Firstly, I want to apologise to you nonnie, you sent this ask a long time ago now and I'm only just getting to it. I'll admit, they amount you sent was quite daunting, especially when I received multiple asks with the same length.
I'm so sorry what you've had to go through with your mother about your education. I swear some people try and live through children and force them to succeed where they failed or force them on the path they went through because "I did it so my child can too, what do you mean they don't want too?!"
I'm happy to hear you can be a support to your brother, in a situation like yours where your stress is coming from your parent, you're not getting the support you need from your parents, especially if she's ignoring your mental health and neurodivergent disorders. I hope your brother is able to support you too.
Education really isn't worth the stress we go under, especially the pressure placed on students by parents and education.
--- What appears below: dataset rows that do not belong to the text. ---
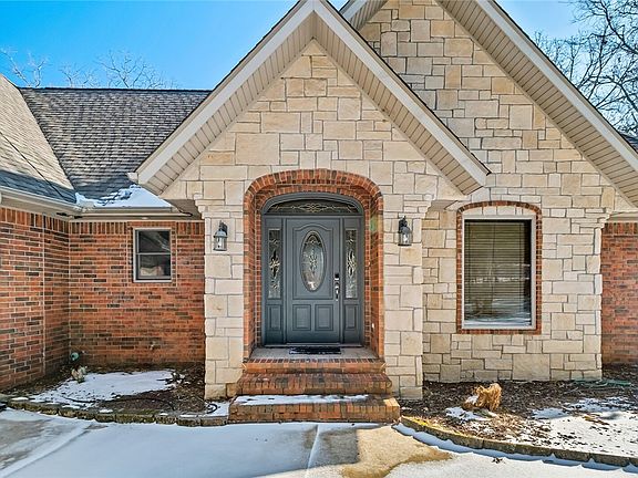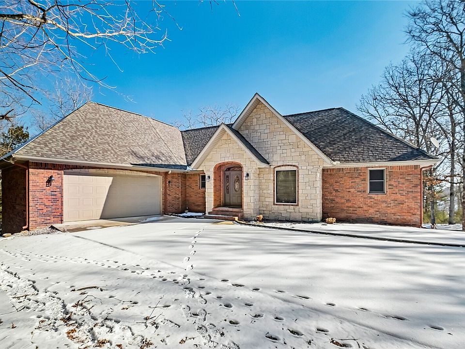 Peaceful, secluded setting, easy walk to the shoreline, and a private dock! Are you ready to enjoy the peace and quiet of natural surroundings and a seasonal view of Beaver Lake? The appeal of this home begins with the brick and masonry exterior and paved parking in front of the two-car garage. Upon entering the home you are welcomed into an open floor plan with the privacy of the primary suite and guest bedrooms on separate sides of the home. The walkout basement has an additional cozy living area that includes a dining table and a wet bar, two bedrooms, a bathroom, and an insulated storage garage for your lake toys. Take a stroll from the patio and backyard down the path to the Corp land to access the private boat dock. Two slips, a swim platform, 2 jet ski lifts, and storage lockers are ready for your lake adventures. Additional features include underground utilities with power to the dock, RV or trailer parking, a fenced back yard, and an additional storage area above the garage.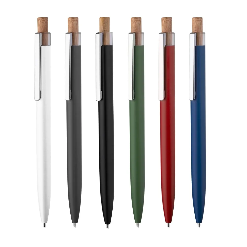 Caneta em alumínio reciclado com carga esferográfica azul 1.0mm e acionamento de clique em bambu.
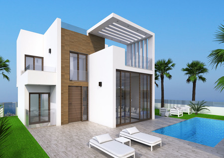 These brand new 3 bedroom, 3 bathroom detached villas with private pools are on the exclusive Laguna Beach development overlooking the Torrevieja salt lakes and are just a few minutes drive from the beach. The ground floor comprises of a light and airy lounge with floor to roof windows and patio doors leading out into the private garden with swimming pool, an open plan kitchen/diner, a double bedroom with en-suite, a guest bathroom and staircase leading down to a 74 m² under build. On the first floor there is a double bedroom with a private balcony, another double bedroom with small balcony, an 18 m² sun terrace and a guest bathroom. There is also access to a large 46 m² rooftop solarium to enjoy the all day sun. There is also a choice of plots available. This exclusive development is situated overlooking the Torrevieja salt lakes and is a few minutes from the beach and only a short walk to bars, shops and restaurants. The Los Balcones area is well established and close to a great range of amenities including bars, shops and restaurants and also the bustling Spanish town of Torrevieja is only a few minutes drive away.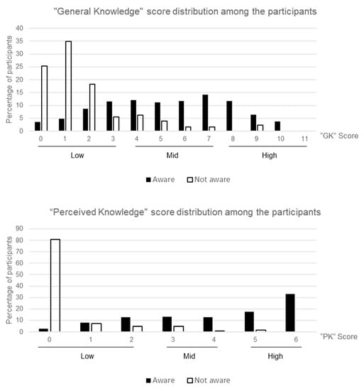 Distribution of general knowledge (GK) and perceived knowledge (PK) scores among the participants who have heard of the project.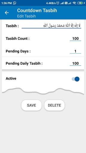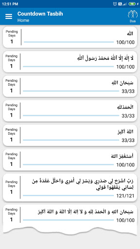Along with daily tasbih count, app will also keep records of the days. Hence, incase if you skip a day, it will show you the total pending days when you open the app next time.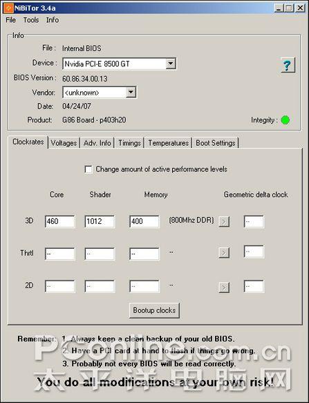 MVKTech 所推出的nVIDIA BIOS编辑软件——NiBiTor,可以说是目前最好的nVIDIA显卡BIOS编辑工具之一。通过NiBiTor,用户可以打开显卡的隐藏属性,并提高显卡的稳定性和实际性能。它操作界面相当人性化,并且功能强大,即使是以前没有接触过此类工具的朋友也能很快上手,更为重要的一点就是,它的更新速度相当迅速,每当新型号显卡推出不久,它就会推出相应的版本,以便用户更好的使用。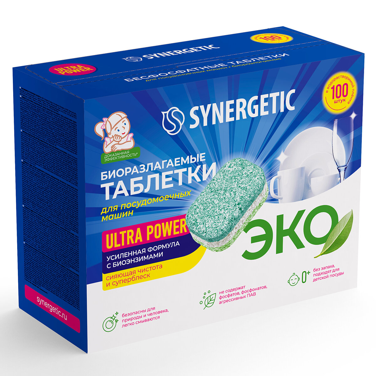 Таблетки для посудомоечных машин Synergetic Ultra power, бесфосфатные,биоразлагаемые, 100 шт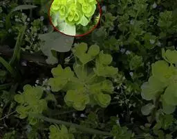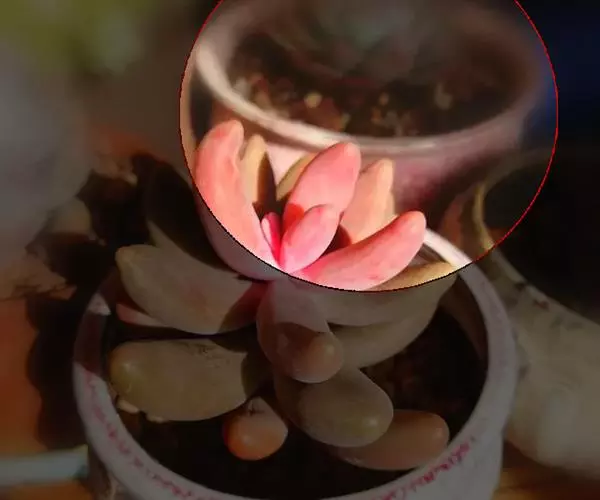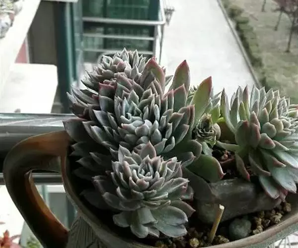 拍摄者:Emmanuelle Aubé 叶呈卵圆披针状,叶端收尖稍向内凹,被白粉,一般浅灰绿或浅灰蓝;光照充足、温差大时变为较鲜艳的紫粉色(通常在深秋或冬季时颜色最为鲜艳)。叶片较多,排列呈致密的莲座状,直径可达20。多年生植株密集群生,高10-12厘米,每个莲座直径可达15-20厘米。花期为春季,穗状花序,钟形花,先端五裂;花瓣内侧黄色,外侧粉色。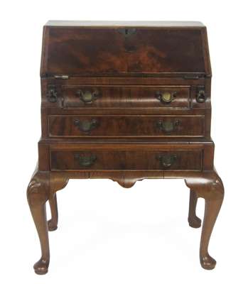 with a slant front enclosing a fitted interior, above three drawers, raised on cabriole legs, 25cm high; together with a MINIATURE SERPENTINE CHEST OF DRAWERS, with four graduated drawers flanked by reeded panels and raised on bracket feet, 19cm high (2)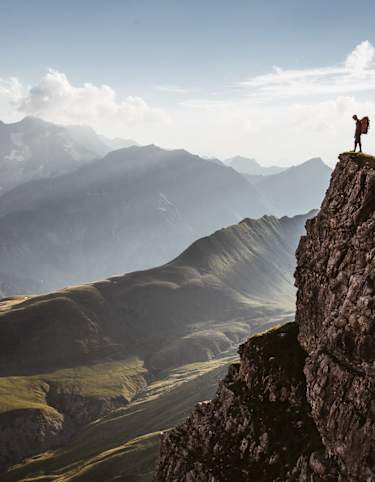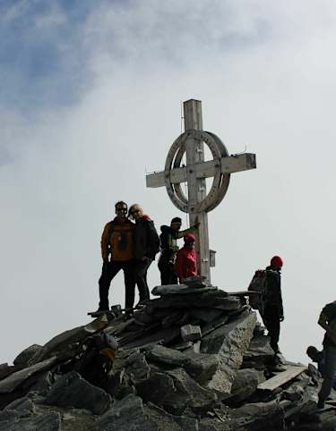 Wieder einige Meter retour zu einer Bank (1.885 m) und weiter über einen Weg Richtung St. Johann. Diesen verlässt man bald unter dem Gipfel auf der Westseite. Nun folgt eine technisch leichte Kletterei und man erreicht den höchsten Punkt auf 1.996 m. Hier steht auch die Schautafel und man genießt den 360 Grad Rundumblick.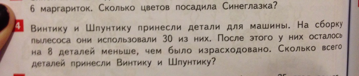 Деталей осталось на 8 меньше, чем было израсходовано,то есть 30-8=22 столько деталей осталось после сборки пылесоса.

It just leads us to people struggling more and more until they can't do their education... That's what happened to me at first, where I felt like I couldn't turn to anyone because I thought my parents had put an expectation of univeristy on me.
I made the right choice to drop out of education and am now looking into interests that don't drain me mentally with the help of my therapist (for years I denied myself following art as a passion but now I'm getting support from everyone to try and I couldn't be more touched) and I hope moving forward you and your brother are able to follow paths that you want to do, not what you feel forced down.
Good luck Nonnie, I'll be backing you.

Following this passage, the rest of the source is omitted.